Start of Block

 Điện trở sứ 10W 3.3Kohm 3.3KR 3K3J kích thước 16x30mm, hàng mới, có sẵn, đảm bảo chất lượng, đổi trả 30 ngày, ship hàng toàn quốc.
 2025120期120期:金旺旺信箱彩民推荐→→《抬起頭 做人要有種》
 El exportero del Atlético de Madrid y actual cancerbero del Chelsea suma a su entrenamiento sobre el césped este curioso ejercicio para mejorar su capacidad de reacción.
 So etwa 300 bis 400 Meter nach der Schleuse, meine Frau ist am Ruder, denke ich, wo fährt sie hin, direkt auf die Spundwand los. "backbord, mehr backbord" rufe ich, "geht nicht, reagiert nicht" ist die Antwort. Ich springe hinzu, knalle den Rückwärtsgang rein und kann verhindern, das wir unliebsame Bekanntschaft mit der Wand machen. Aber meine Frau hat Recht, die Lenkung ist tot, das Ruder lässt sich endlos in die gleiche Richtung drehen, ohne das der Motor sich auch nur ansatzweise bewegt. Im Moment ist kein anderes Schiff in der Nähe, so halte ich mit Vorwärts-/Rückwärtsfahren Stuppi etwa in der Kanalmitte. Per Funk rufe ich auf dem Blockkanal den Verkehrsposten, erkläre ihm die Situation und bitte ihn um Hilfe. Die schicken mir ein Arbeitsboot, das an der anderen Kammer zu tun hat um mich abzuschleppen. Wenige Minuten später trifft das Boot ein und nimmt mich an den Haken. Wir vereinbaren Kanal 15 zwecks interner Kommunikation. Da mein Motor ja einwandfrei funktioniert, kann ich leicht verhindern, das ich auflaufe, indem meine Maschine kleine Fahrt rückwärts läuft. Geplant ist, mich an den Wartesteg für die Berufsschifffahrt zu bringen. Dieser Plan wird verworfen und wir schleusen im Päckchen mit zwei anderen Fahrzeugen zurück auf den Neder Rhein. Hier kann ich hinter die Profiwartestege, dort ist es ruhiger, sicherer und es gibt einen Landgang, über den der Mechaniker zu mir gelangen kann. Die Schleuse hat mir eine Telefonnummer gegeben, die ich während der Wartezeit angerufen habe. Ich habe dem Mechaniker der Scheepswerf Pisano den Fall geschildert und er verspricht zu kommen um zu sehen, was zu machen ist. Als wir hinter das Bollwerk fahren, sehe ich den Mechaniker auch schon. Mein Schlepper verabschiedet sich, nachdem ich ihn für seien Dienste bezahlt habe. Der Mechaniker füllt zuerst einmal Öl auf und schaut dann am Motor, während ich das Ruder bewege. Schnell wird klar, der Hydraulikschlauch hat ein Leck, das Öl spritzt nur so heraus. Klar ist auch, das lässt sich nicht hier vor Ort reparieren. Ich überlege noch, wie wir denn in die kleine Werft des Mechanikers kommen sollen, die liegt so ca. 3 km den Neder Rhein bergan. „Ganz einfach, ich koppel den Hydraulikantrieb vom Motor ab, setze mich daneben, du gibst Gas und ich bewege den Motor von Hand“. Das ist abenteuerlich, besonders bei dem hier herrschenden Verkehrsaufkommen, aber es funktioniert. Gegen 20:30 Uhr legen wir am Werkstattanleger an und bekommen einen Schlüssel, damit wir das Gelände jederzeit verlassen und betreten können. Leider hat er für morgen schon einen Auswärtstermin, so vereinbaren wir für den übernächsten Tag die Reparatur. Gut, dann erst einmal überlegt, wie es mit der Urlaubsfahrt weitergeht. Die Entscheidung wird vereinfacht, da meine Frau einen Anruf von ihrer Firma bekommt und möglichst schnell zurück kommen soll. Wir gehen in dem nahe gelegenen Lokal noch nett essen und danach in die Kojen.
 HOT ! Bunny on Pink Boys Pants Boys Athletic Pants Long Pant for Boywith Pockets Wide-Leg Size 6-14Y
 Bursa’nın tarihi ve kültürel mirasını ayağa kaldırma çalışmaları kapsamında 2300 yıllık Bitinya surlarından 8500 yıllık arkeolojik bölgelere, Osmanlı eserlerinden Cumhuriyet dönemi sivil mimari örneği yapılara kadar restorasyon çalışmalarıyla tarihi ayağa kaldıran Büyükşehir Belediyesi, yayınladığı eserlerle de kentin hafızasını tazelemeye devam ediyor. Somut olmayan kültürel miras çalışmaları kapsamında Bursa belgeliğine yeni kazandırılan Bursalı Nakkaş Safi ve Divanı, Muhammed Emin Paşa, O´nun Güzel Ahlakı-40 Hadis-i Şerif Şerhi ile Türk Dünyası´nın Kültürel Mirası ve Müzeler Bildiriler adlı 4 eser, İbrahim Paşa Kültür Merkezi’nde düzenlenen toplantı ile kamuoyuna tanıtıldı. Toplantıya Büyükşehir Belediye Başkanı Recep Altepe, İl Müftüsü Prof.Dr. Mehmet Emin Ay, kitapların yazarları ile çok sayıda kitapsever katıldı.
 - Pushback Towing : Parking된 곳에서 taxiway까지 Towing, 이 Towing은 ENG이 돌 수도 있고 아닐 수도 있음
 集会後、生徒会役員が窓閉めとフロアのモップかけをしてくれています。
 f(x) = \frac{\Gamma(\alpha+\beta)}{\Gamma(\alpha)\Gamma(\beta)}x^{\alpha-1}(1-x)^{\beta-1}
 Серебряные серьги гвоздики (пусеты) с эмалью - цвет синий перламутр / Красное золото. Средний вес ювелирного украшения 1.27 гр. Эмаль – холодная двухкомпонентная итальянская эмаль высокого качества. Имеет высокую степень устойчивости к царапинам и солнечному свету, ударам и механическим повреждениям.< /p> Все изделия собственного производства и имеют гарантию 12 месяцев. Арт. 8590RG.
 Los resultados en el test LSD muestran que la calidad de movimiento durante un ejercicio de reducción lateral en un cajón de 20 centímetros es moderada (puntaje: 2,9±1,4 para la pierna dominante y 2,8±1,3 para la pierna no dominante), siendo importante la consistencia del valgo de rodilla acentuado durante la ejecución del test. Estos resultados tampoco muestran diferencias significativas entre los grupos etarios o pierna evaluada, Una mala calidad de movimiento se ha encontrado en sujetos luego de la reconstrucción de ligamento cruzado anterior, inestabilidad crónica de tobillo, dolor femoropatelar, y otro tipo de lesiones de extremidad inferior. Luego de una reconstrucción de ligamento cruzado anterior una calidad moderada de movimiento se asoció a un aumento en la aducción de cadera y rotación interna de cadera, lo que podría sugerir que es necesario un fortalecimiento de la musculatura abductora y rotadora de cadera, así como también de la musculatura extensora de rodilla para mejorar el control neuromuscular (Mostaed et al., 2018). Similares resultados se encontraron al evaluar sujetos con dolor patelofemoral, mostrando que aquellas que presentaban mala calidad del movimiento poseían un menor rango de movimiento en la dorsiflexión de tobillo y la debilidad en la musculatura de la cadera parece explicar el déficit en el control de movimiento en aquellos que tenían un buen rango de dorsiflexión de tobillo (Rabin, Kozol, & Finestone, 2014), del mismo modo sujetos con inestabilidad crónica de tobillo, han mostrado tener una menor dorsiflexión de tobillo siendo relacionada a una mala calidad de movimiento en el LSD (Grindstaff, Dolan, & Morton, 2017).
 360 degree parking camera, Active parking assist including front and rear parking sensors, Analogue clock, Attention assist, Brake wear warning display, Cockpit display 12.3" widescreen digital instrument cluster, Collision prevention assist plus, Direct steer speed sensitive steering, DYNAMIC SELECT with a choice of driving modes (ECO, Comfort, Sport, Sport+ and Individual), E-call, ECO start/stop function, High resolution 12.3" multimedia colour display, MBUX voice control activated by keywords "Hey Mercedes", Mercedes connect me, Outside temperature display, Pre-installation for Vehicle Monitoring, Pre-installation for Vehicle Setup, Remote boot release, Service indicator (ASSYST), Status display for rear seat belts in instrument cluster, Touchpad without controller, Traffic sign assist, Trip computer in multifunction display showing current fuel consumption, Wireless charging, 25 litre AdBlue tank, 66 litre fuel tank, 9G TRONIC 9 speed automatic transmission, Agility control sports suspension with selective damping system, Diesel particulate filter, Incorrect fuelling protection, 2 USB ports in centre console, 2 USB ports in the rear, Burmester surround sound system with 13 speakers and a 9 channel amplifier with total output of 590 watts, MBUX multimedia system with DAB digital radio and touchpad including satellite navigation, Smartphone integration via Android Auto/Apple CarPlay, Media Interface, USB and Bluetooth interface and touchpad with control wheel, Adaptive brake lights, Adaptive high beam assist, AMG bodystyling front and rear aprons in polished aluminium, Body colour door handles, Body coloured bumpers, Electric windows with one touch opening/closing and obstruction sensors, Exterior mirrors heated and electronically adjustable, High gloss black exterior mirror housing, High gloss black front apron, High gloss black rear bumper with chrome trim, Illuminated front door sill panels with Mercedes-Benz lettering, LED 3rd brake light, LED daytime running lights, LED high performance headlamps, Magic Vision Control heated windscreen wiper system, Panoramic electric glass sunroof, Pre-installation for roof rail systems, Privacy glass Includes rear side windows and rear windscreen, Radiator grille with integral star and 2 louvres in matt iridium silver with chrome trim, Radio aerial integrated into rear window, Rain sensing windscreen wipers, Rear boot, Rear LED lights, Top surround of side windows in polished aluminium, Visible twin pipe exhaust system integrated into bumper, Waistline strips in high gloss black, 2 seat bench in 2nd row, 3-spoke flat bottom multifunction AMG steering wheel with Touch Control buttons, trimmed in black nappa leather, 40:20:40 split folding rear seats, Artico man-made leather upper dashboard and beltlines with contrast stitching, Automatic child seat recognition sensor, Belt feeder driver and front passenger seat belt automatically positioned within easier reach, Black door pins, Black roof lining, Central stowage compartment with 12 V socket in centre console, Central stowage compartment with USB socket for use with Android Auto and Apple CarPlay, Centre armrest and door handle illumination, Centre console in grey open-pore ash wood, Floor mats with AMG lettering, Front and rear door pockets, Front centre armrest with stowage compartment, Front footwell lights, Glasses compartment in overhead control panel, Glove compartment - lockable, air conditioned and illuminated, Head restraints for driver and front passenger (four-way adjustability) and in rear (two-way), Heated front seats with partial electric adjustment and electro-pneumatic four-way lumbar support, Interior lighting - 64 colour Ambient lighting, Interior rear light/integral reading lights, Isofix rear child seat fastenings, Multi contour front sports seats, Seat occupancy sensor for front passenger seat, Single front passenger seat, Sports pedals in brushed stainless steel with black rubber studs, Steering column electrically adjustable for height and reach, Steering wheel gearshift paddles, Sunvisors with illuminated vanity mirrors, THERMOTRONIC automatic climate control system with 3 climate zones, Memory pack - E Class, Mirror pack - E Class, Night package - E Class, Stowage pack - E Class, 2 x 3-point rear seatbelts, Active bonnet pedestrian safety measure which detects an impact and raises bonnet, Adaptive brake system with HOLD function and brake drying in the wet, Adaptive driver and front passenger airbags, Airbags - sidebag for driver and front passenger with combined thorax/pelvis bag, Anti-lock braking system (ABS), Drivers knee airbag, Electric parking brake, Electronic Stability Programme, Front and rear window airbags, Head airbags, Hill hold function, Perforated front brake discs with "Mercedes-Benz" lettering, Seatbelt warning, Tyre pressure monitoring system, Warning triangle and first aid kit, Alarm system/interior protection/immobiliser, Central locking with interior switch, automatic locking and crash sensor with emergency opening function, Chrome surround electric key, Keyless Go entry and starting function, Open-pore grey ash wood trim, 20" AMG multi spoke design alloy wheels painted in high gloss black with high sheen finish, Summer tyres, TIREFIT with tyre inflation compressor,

End of Block

_Directions for this task_
Extract the first line above and each line after it up to and including the one with "El exportero del", please, exactly and with nothing else.

_Output for this task_
 Điện trở sứ 10W 3.3Kohm 3.3KR 3K3J kích thước 16x30mm, hàng mới, có sẵn, đảm bảo chất lượng, đổi trả 30 ngày, ship hàng toàn quốc.
 2025120期120期:金旺旺信箱彩民推荐→→《抬起頭 做人要有種》
 El exportero del Atlético de Madrid y actual cancerbero del Chelsea suma a su entrenamiento sobre el césped este curioso ejercicio para mejorar su capacidad de reacción.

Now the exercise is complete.